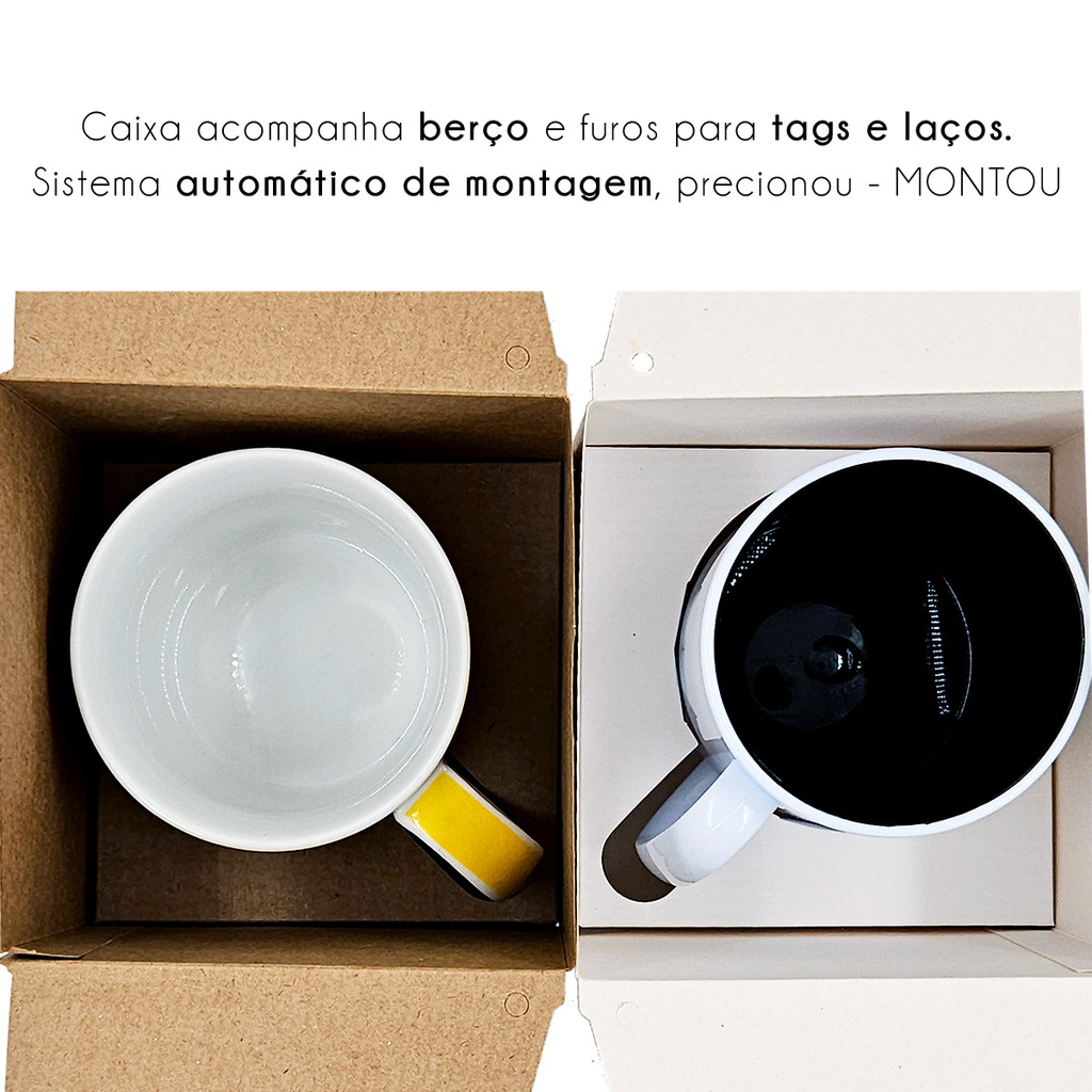 Caixa para caneca de porcelana de 325ml c/ BERÇO - papel cartão branco sublimável, montagem em 3seg.
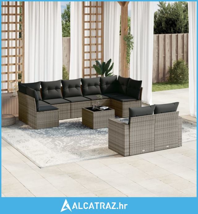 10-dijelni set vrtnih sofa od poliratana s jastucima sivi - NOVO
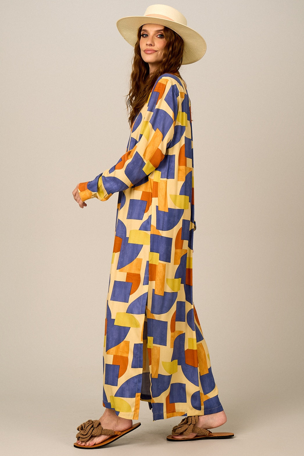A Chemise Longa Ampla Estampa Geométrica Yacamim é uma peça que combina leveza, estilo e autenticidade em um único design. Seu caimento fluido e modelagem ampla proporcionam conforto e elegância, enquanto as mangas longas e as fendas laterais conferem movimento e charme ao visual. Os botões de coco completam o acabamento artesanal, reforçando a essência natural e exclusiva da marca.
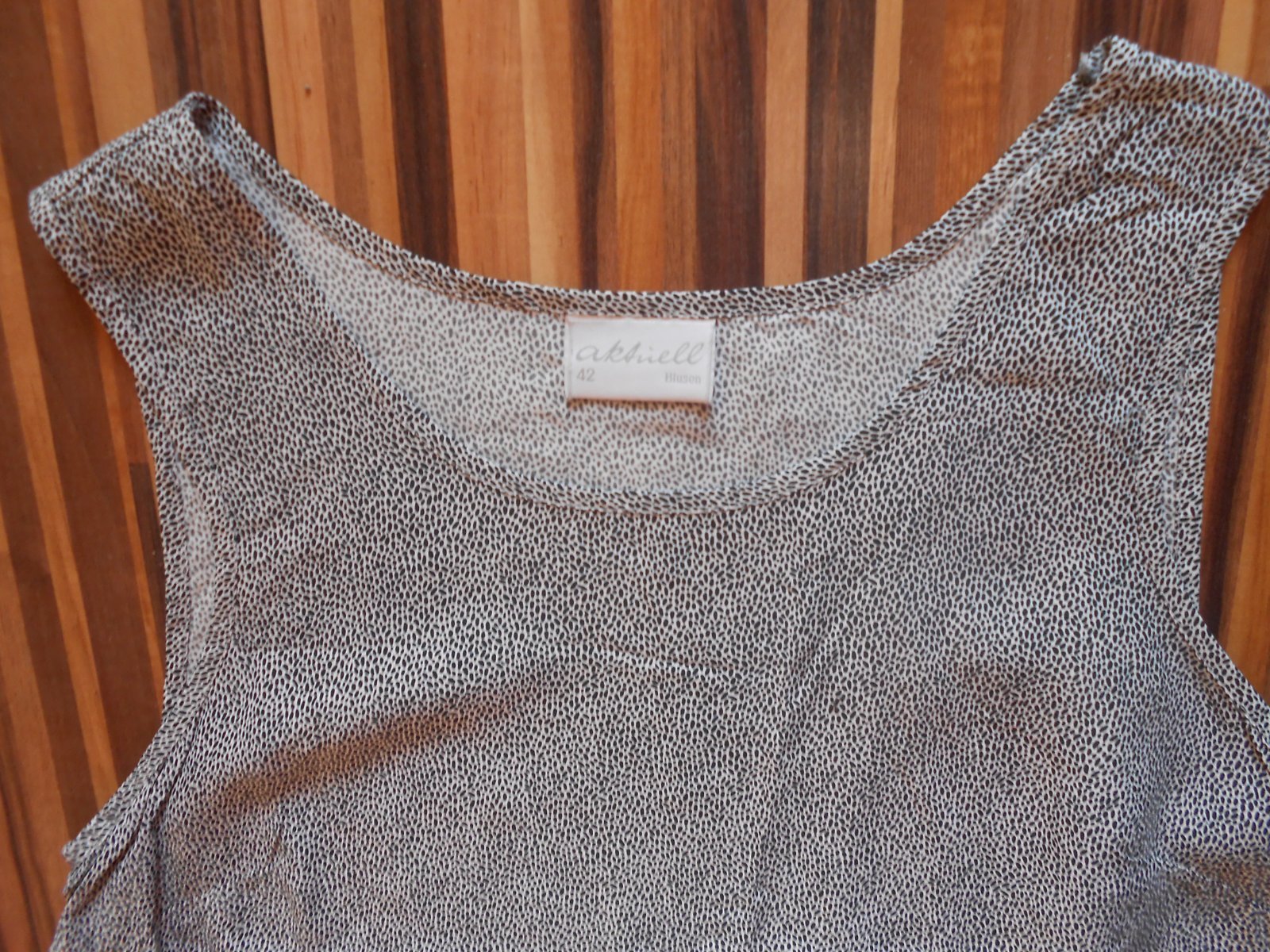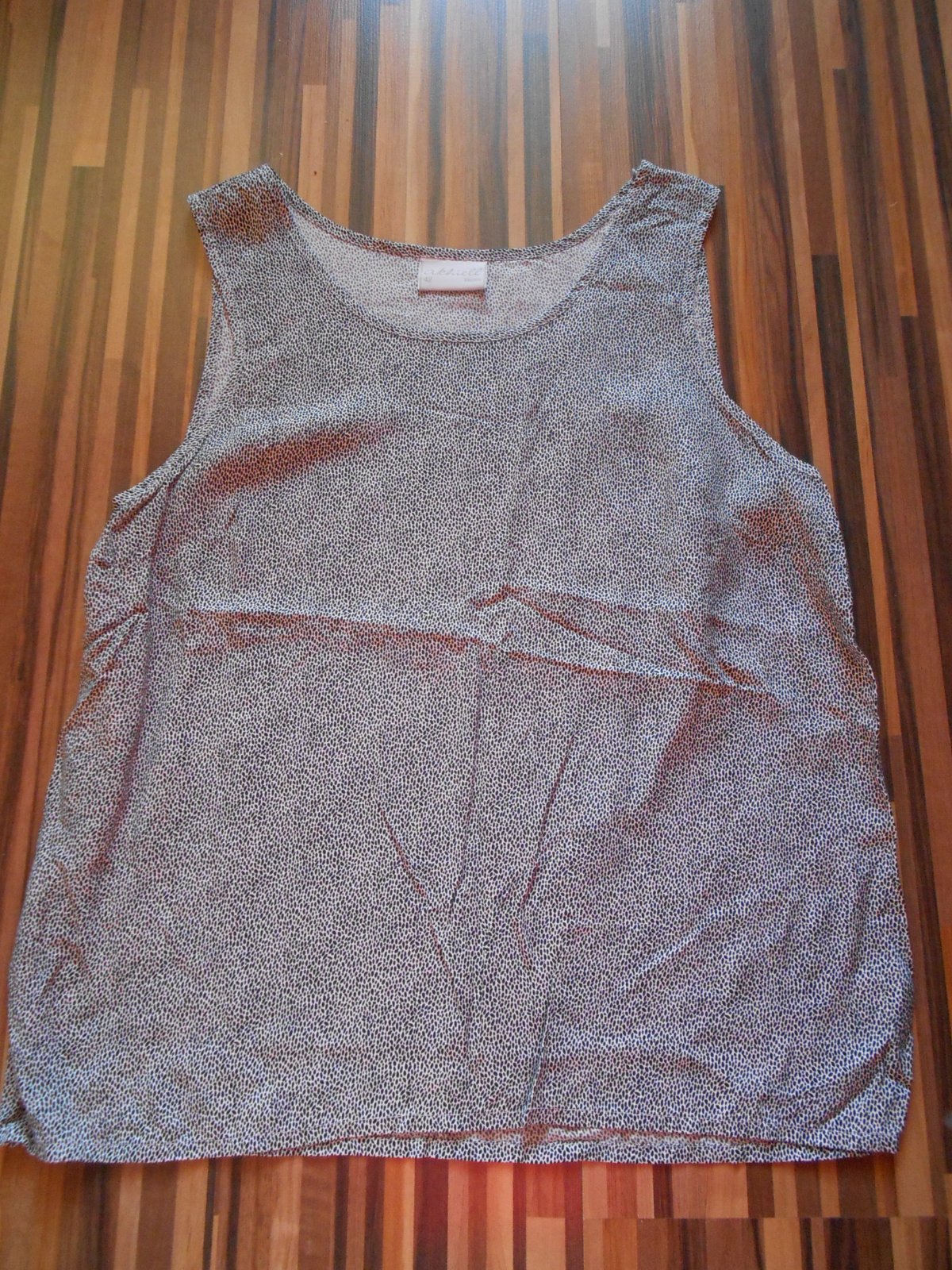 Blúzka má príjemný nekrčivý materiál, mäkký, je vo výbornom stave, bez dier, fľakov, žmolkov, šírka v podpazuší 50cm x 2, dĺžka predného dielu 61cm, cena + poštovné. (K)

####

The whole listing is to be duplicated verbatim, apart from its images.

 Caixa para caneca de porcelana de 325ml c/ BERÇO - papel cartão branco sublimável, montagem em 3seg.
 10-dijelni set vrtnih sofa od poliratana s jastucima sivi - NOVO
A Chemise Longa Ampla Estampa Geométrica Yacamim é uma peça que combina leveza, estilo e autenticidade em um único design. Seu caimento fluido e modelagem ampla proporcionam conforto e elegância, enquanto as mangas longas e as fendas laterais conferem movimento e charme ao visual. Os botões de coco completam o acabamento artesanal, reforçando a essência natural e exclusiva da marca.
 Blúzka má príjemný nekrčivý materiál, mäkký, je vo výbornom stave, bez dier, fľakov, žmolkov, šírka v podpazuší 50cm x 2, dĺžka predného dielu 61cm, cena + poštovné. (K)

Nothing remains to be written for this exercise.